Relational vs No-SQL

Quick Video Glance

Develop Intuition

The comparison between RDS and NoSQL data-store can be clearly understood using a real-life analogy of living in downtown vs. living in the suburbs. Due to the scarcity of land in the city, the development is often done vertically in the form of skyscrapers, whereas, in the suburbs, there is an abundance of land, so new constructions are done on land (aka horizontal growth). Same as downtown (i.e. vertical growth), relational databases are generally scaled up by adding more computational resources to the existing hardware (which is costly and soon hits the threshold), whereas, NoSQL stores can be scaled out by simply adding more commodity hardwares which are comparatively a lot cheaper.

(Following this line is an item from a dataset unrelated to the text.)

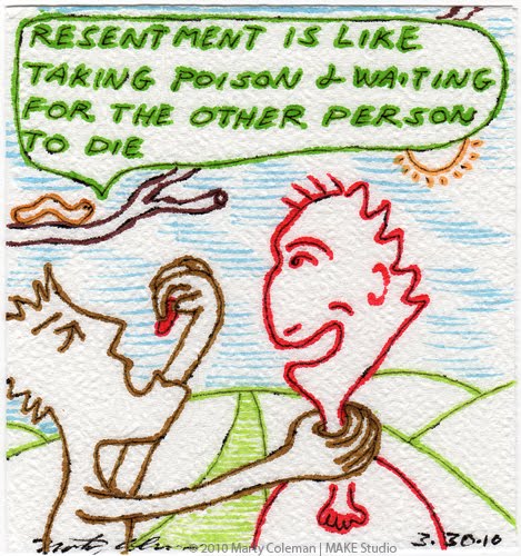 With your mind convinced you are getting back at someone, your hand around their psychological neck, with the free hand you are popping the pill that will kill you. You might be able to make life a bit miserable for the other person, it is true. You might be able to distort their world in the short term. But in the end, the resentment inhabits you, not them, and you will be the one disfigured and distorted by it.

Fig 0: Relational vs NoSQL - City vs Suburb Landscape Analogy

Evolution of Databases

Database Management Systems (aka database) are software applications which are used to provide data to other applications. In the early days, data used to be stored in a flat-file system which could not store relationships between different data entities. The evolution of databases started with the advent of Hierarchical Data-Model in the 1960s. In this model, the data was stored as records in a tree-like structure where each record can have only one parent node, which resulted in this data-model being inflexible. In 1969, the research on Network Data-Model got published by the Conference on Data Systems Languages (CODASYL). This model structured the data in a graph-form where each record can have multiple parents. This data-model failed to become dominant due to two reasons: a) IBM chose to stick with the hierarchical model with semi-network extensions ii) relational model became more popular around the same time (after E. F. Codd introduced the concept in 1970s). The Relational Data-Model stored the data as relations (collection of tables) and provided relational operators for data manipulation. Object-Oriented-Databases first appeared around 1985 which allowed information to be stored and manipulated as objects. However, object-oriented databases didn’t get enough traction as a relational model provided lesser coupling between application and databases.

The data needs grew in the 21st century resulting in the further evolution of databases with the center of the focus on catering to the different flavors of usage patterns. This led to the rise of NoSQL, which in most cases is more flexible and scalable than relational databases. In the rest of this chapter, we will gain deeper insights into Relational and NoSQL databases. The image below shows the evolution which databases have had so far after its inception.

_Fig 1: Journey of DBMS so far_

Relational Databases

Relational databases have had a long period of dominance and have been the default choice for enterprise data storage, even though there have been alternative database technologies such as object databases since the 1990s. Some of the popular relational databases are: Oracle, MySQL, Postgres and so forth. These databases use structured query language (SQL) for defining and manipulating data and structure of the data stored in them is determined using pre-defined schemas. This implies that all the data needs to follow the same structure and any change in the structure may be disruptive.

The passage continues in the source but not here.